The family of Kendrick Johnson, the young man found dead inside a rolled-up gym mat in his high school gymnasium, believes the video surveillance footage that a judge ordered released to them has been tampered with, CNN reports.
CNN also obtained what they are calling a "scathing report" written by the coroner in the Johnson case, claiming the evidence at the crime scene was compromised and information for his investigation was withheld.
Authorities have claimed that the 17-year-old fell between mats trying to reach for a sneaker, but Johnson's family suspects that the boy was murdered. The family continue to desperately search for answers.
According to lawyers for the family, the video footage released to them is missing time codes and includes gaps and footage apparently from a mysteriously blurry and out-of-position camera that should have been able to pick up the exact spot where Johnson's body was found some 10 months ago, CNN reports.
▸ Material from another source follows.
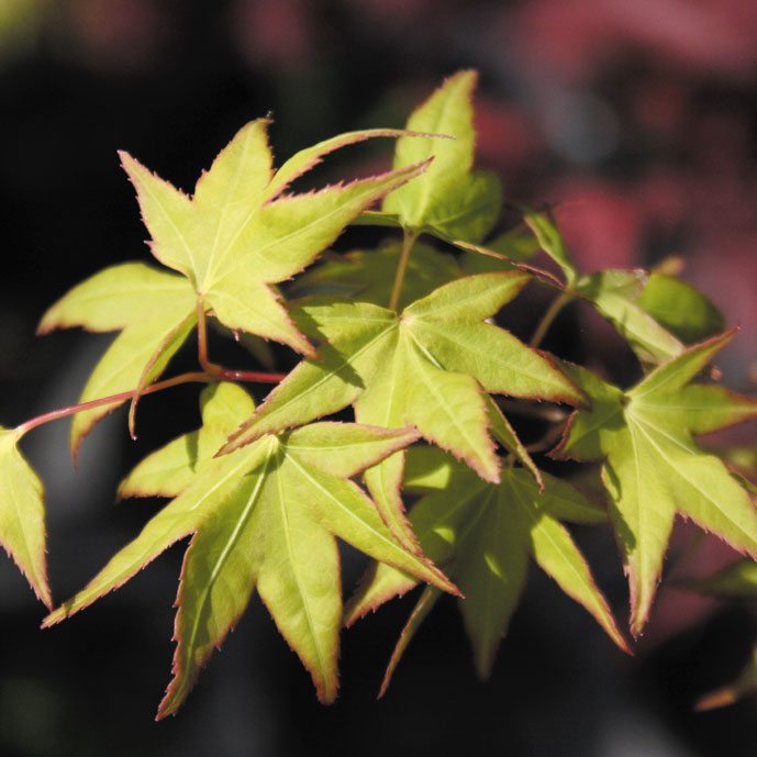 モミジ「三つ葉山」 【692-148】 カエデ 2019.10.26 オレンジの芽吹きが次第に爪紅に変化する。 開花期 4-6月 冬季 落葉 日当たり 日向 耐寒性 強 水やり 普通 施肥 春・秋に油粕肥料、生育時に有機液肥を2週間に1回程度 用土 基本培養土/山野草の土

In one example used by the Johnson family attorney, Chevene King, and shown to CNN reporters, a man seen walking away from the gym late at night suddenly disappears while other images shot at different times show people walking in the same location.
King also found images apparently from a camera that should have shown the exact location where Johnson's body was discovered, but the image was blurry and out of position, he said and CNN reports.
While King didn't accuse the authorities of tampering with the evidence, he noted that the camera footage was the latest odd occurrence in a string of oddities.
"We have had what I think is a series of events that causes you to raise the question, when does a coincidence stop being a coincidence," King told reporters Wednesday in Valdosta, Ga., CNN reports.
Attorneys for Lowndes County Sheriff Chris Pine and the Lowndes County High School say that the video that the family has is the raw footage and contains no edits.
New of potential video-footage tampering comes on the heels of CNN obtaining a report from the coroner's office through an open records request, which shows that the coroner believes the crime scene was compromised.
"I was not notifed in (sic) this death until 15:45 hours. The investigative climate was very poor to worse when I arrived on the scene. The body had been noticably (sic) moved. The scene had been compromised and there was no cooperation from law enforcement at the scene. Furthermore the integrity of the evidence bag was compromised on January 13, 2013, by opening the sealed bag and exhibiting the dead body to his father," wrote Lowndes County Coroner Bill Watson in a report dated Jan. 22, CNN reports.
"I do not approve of the manner this case was handled. Not only was the scene compromised, the body was moved. The integrity (sic) was breached by opening a sealed body bag, information necessary for my lawful investigation was withheld," he said.
The U.S. attorney's office in Macon, Ga., opened an investigation into the case last week. That investigation was also prompted by federal prosecutor Michael Moore's review of evidence collected by both authorities and the family's own investigator, which concluded that "sufficient basis exists" to warrant a formal review of the facts, CNN reports.